- From: Stephen Farrell <stephen.farrell@cs.tcd.ie>
- Date: Fri, 09 May 2008 14:34:06 +0100
- To: Johnathan Nightingale <johnath@mozilla.com>
- CC: Thomas Roessler <tlr@w3.org>, W3C WSC W3C WSC Public <public-wsc-wg@w3.org>
Johnathan Nightingale wrote: > > Hey Thomas, > > The text below was proposed by me, and is in the document, and is > probably enough to close the issue. But in side conversations with Mez, > I ruminated over the fact that it's not clear to me whether this > renders, e.g., Firefox 3 non-compliant. I *think* we'd be fine, because > this line seems to carry the day: > >>> The requirements in this section do not require user agents to >>> store information about past interactions longer than they >>> otherwise would. > > But the thing is, we DO store plenty of information about past > interactions: browsing history, bookmarks, saved passwords, cookies, as > examples.

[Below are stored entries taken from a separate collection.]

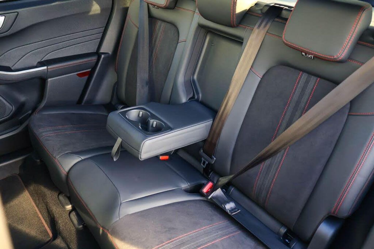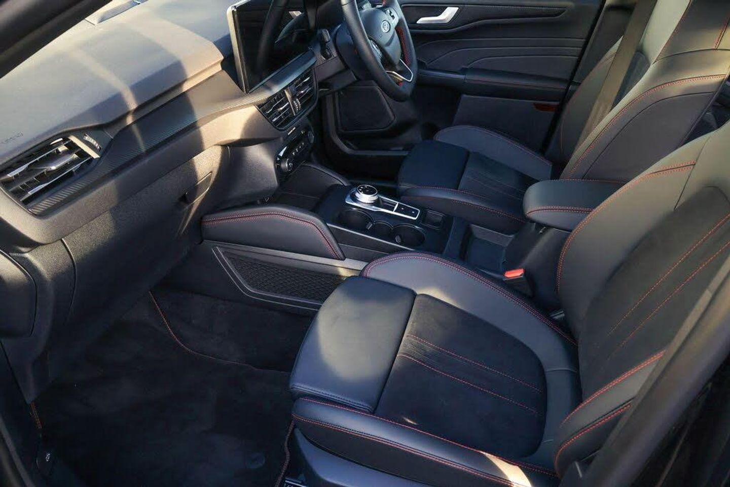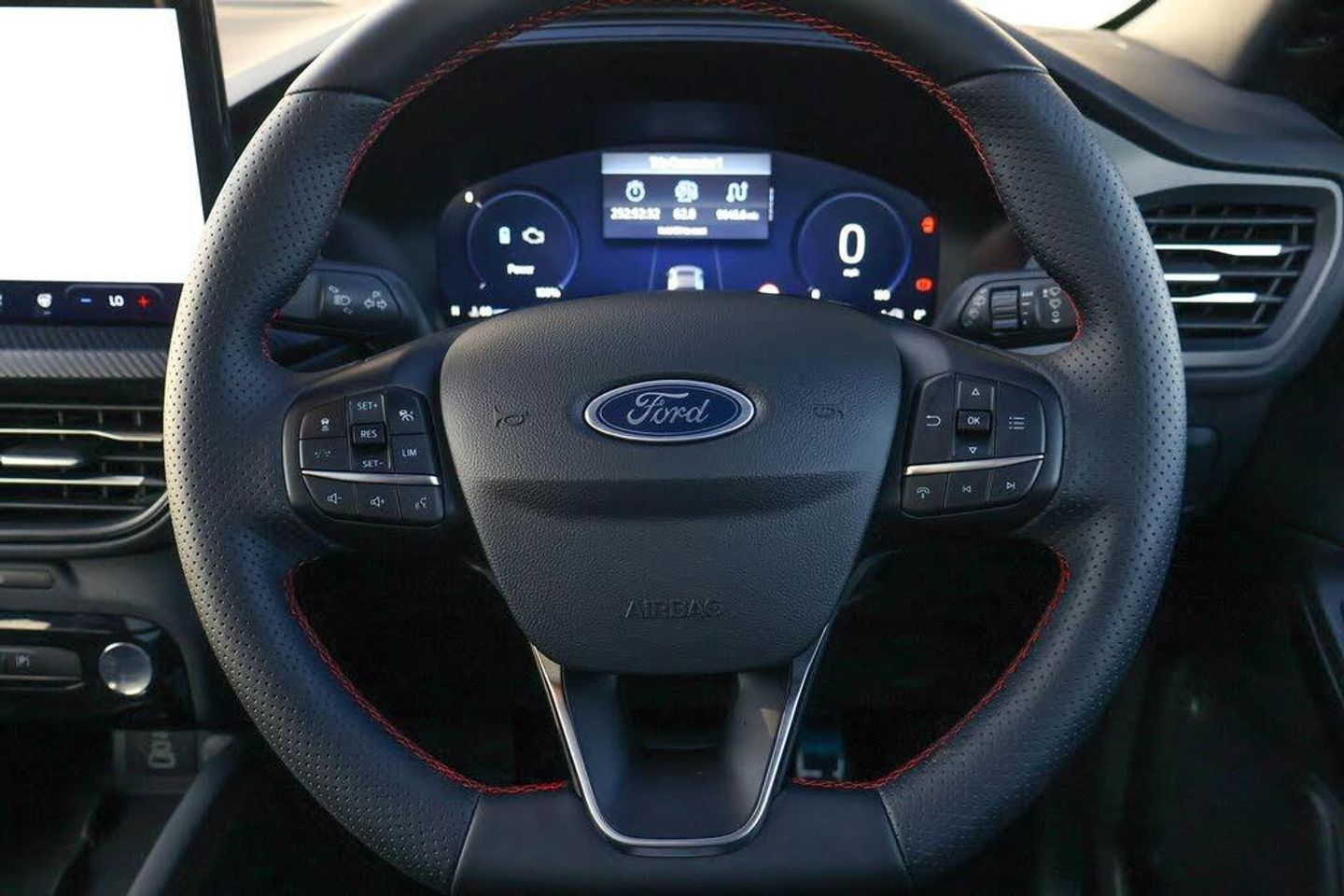 12.3" digital colour instrument cluster, 360 degree camera, Clear exit assist, Cross traffic alert with active braking, e-Call (emergency call), Ford easy fuel, Ford SYNC 4 Navigation with 13" touchscreen, DAB radio, emergency assistance, Andriod Auto/Apple CarPlay, 5G modem Ford Pass connect, Front and rear parking sensors, Hands free power tailgate, Lane centering assist, Lane keeping aid with lane departure warning, Power assist steering, Selectable drive modes, Service interval indicator, BO premium audio system with 10 speakers, subwoofer and 2 USB ports, Auto headlamps with high and low beam, Black roof rails, Body colour bumpers, Front LED fog lamps, Large rear spoiler, LED daytime running lights, LED rear lights, LED third brake light, Pop out door edge protectors, Power front/rear windows with global close, Power heated folding door mirrors with puddle lights, memory function and camera, Power opening panoramic roof, Quickclear heated windscreen, Rain sensing wipers, Rear privacy glass, Rear side wing doors, Rear wiper, ST-Line body styling kit, 2nd row sliding seats, Electronic automatic temperature control (EATC), Front and rear head restraints, Partial premium touch sensico upholstery, Rear centre head restraint, Single front passenger seat, Sports seats, Engine immobiliser, Keyless entry and Ford power start button (Keyless start), Locking wheel nuts, Remote powered central double locking doors, Thatcham category 1 alarm, 20in Alloy Wheels - 5x2 Spoke - Absolute Black - Machined, Mini Spare Wheel, Technology Pack, Single Phase Public Charge Cable and Cable Bag
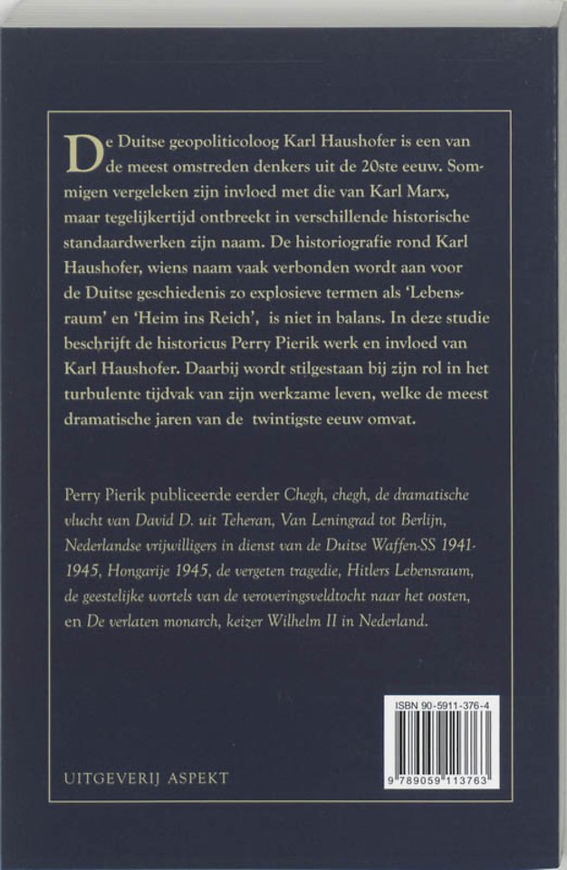De historiografie rond Karl Haushofer, wiens naam vaak verbonden wordt aan voor de Duitse geschiedenis zo explosieve termen als 'Lebensraum' en 'Heim ins Reich', is niet in balans. In deze studie beschrijft de historicus Perry Pierik werk en invloed van Karl Haushofer. Daarbij wordt stilgestaan bij zijn rol in het turbulente tijdvak van zijn werkzame leven, welke de meest dramatische jaren van de twintigste eeuw omvat.
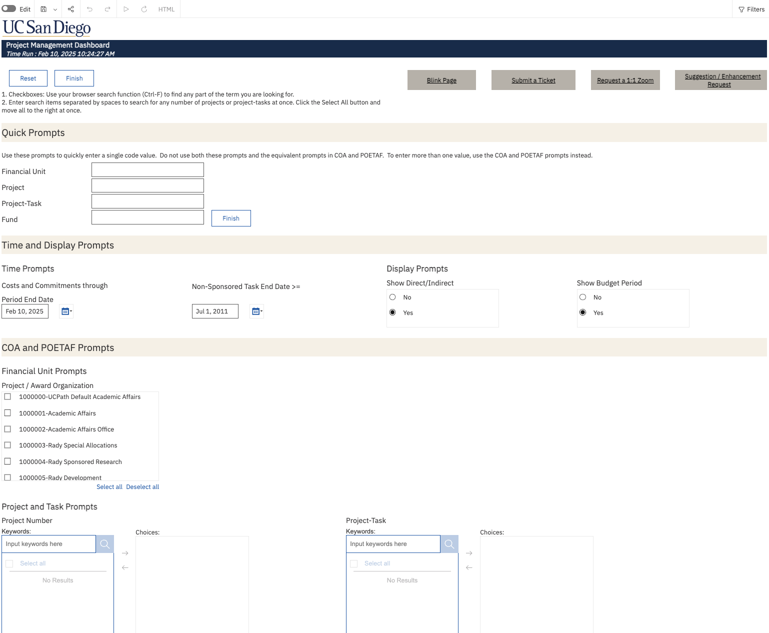 - Use the ‘Quick Prompts’ section to quickly enter a single value for Financial Unit, Project, Project-Task, and/or Fund.
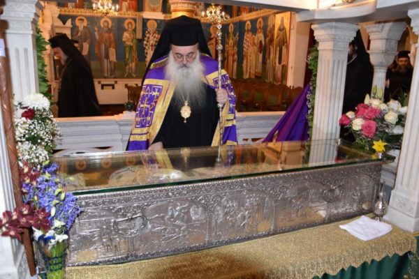 Εκκλησιάσθηκαν ο εφησυχάζων Μητροπολίτης κ. Ιωσήφ, σύσσωμοι οι ωφελούμενοι φοιτητές του Θεολογικού Φοιτητικού Οικοτροφείου της Αποστολικής Διακονίας και πλήθος προσκυνητών, ο οποίοι, παρά τον εργάσιμο χαρακτήρα της ημέρας, προσέρχονταν από πολλά μέρη της Πατρίδος μας και του Εξωτερικού να αποτίσουν τιμή στον όσιο Ιωάννη.

But we do NOT store historical TLS information. I *think* > that's still okay, ... Have to say that that interpretation didn't occur to me at all, so I guess, like Thomas, I'd rather that whatever do write down implies that UAs are to store historical TLS info. While I can see why an implementer might not be overjoyed with that change, I don't think that we should limit ourselves to producing a REC with which current UAs are already compliant. S.